Furthermore, the present invention also provides a first region including an active layer, a second conductivity type epitaxial layer, and a second conductivity type first electrode on the same semiconductor substrate of the first conductivity type, and the first region. Having a second region including an optical waveguide layer and a diffraction grating for the light emitted from the light source, and the active layer in the first region and the optical waveguide layer in the second region are multi-quantum well layers of the same growth layer. In addition, the quantum well layer in the first region has a larger well layer thickness than the well region in the second region. It is possible to provide a distributed black reflection type laser having the following in a yield.

As described above, the semiconductor laser according to the present invention has great practical value as a light source for long-distance, large-capacity optical communication and coherent optical communication.

The materials used and the manufacturing method in the present invention are not limited to these.

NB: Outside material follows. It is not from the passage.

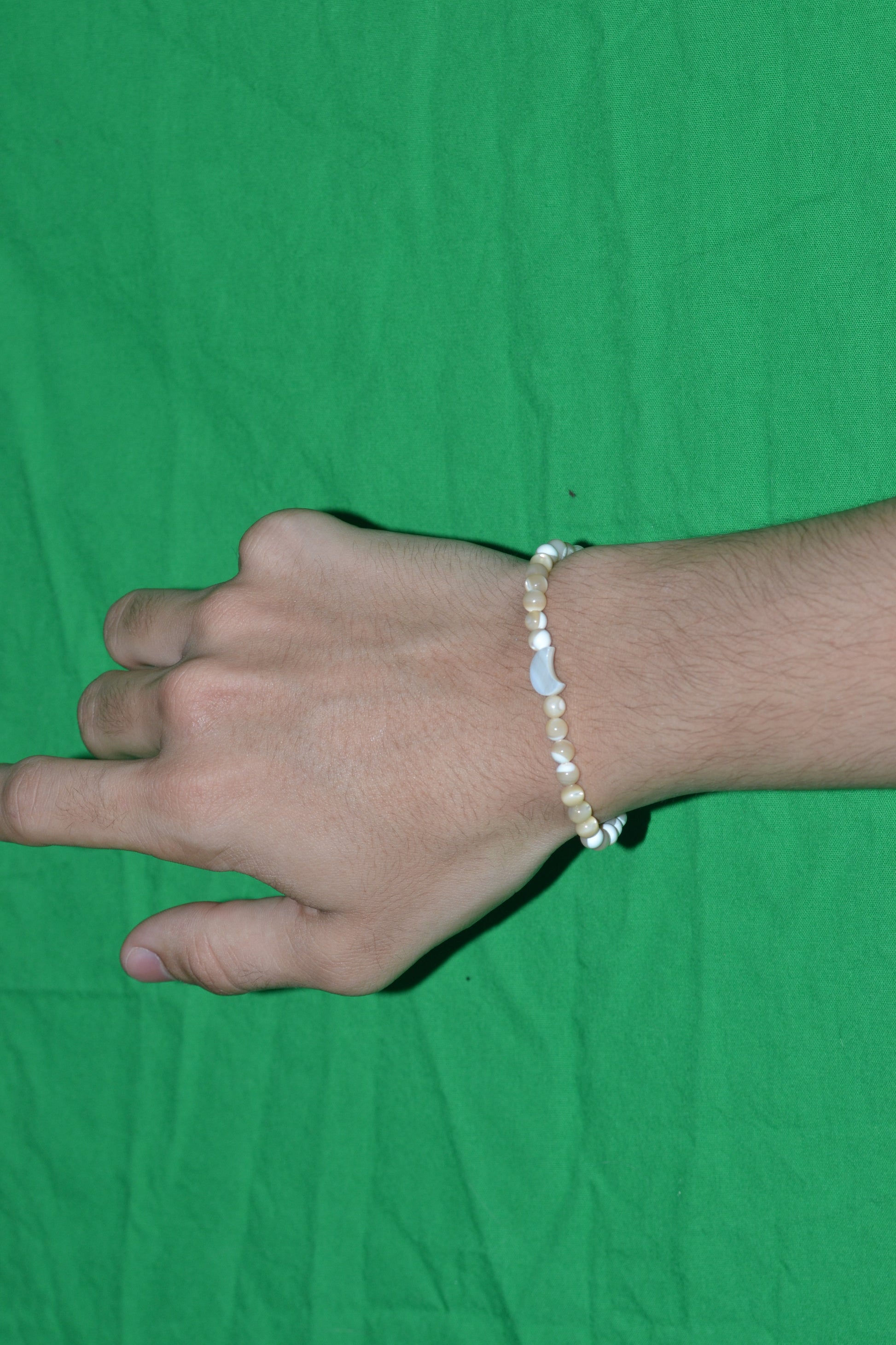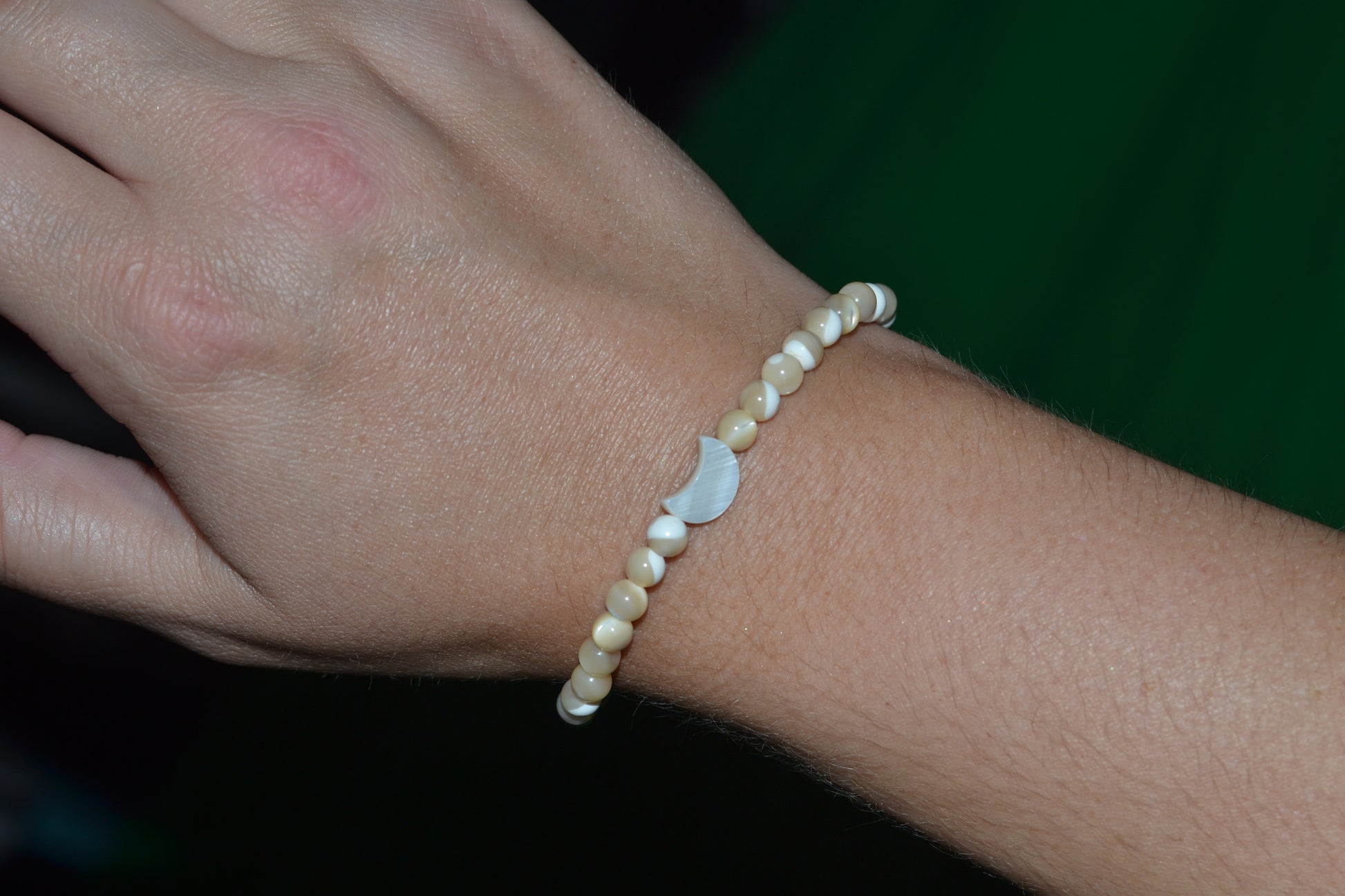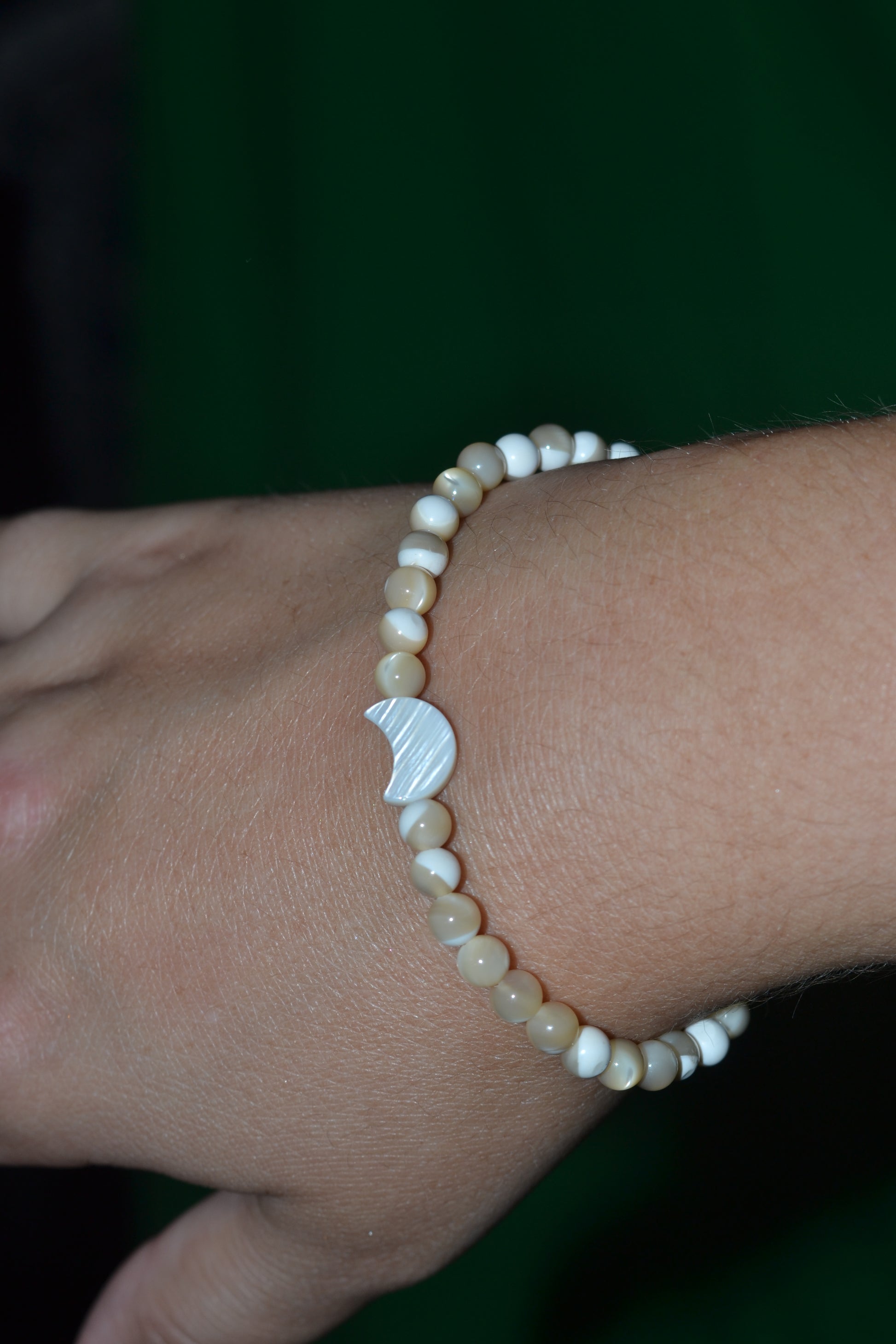 ☀️ Made with delicate 3mm yellow mother of pearl beads, this piece carries the energy of emotional renewal, inner peace, and feminine warmth. At its heart sits a single moon-shaped mother of pearl bead, symbolizing intuition, cycles, and gentle transformation.

[Brief description of drawings]

FIG. 1 is a sectional basic structural view of a DFB-LD according to the first embodiment of the present invention, and FIG. 2 is a D according to the second embodiment of the present invention.
FIG. 3 is a cross-sectional basic structure diagram of the BR-LD, FIG. 3 is a cross-sectional basic structure diagram of the external modulation type DFB-LD in the embodiment, and FIG. 4 is a cross-sectional basic structure diagram of the conventional example DBR-LD. 1 ... InP substrate, 2 ... MQW layer, 7 ... Diffraction grating, 21 ... Active region, 22 ... Light modulation region, 2
3 ... Optical return area.

Claims (4)

[Claims] 1. An active layer, a diffraction grating, a second conductivity type epitaxial layer, and a second conductivity type on the same semiconductor substrate of the first conductivity type.
A first region including a first electrode of conductivity type and a second region including an optical waveguide layer for light emitted from the first region, the active layer and the second region in the first region. 2. A semiconductor laser characterized in that the optical waveguide layer in the region 2 is composed of multiple quantum well layers of the same growth layer, and the well thickness of the quantum well layer in the first region is larger than the well layer thickness in the second region. apparatus. 2. A first region including an active layer, an epitaxial layer of a second conductivity type, and a first electrode of a second conductivity type and the first region on the same semiconductor substrate of the first conductivity type. Having a second region including an optical waveguide layer and a diffraction grating for the light emitted from the light source, and the active layer in the first region and the optical waveguide layer in the second region are multi-quantum well layers of the same growth layer. And the well layer thickness of the quantum well layer in the first region is the second
The semiconductor laser device is characterized in that it is thicker than the well layer thickness in the region. 3. A second conductivity type second area in the second area.
The semiconductor laser device according to claim 1 or 2, wherein the semiconductor laser device has the electrode of. 4. The semiconductor laser device according to claim 1, further comprising a third region having an electrical isolation function in a boundary region between the first and second regions.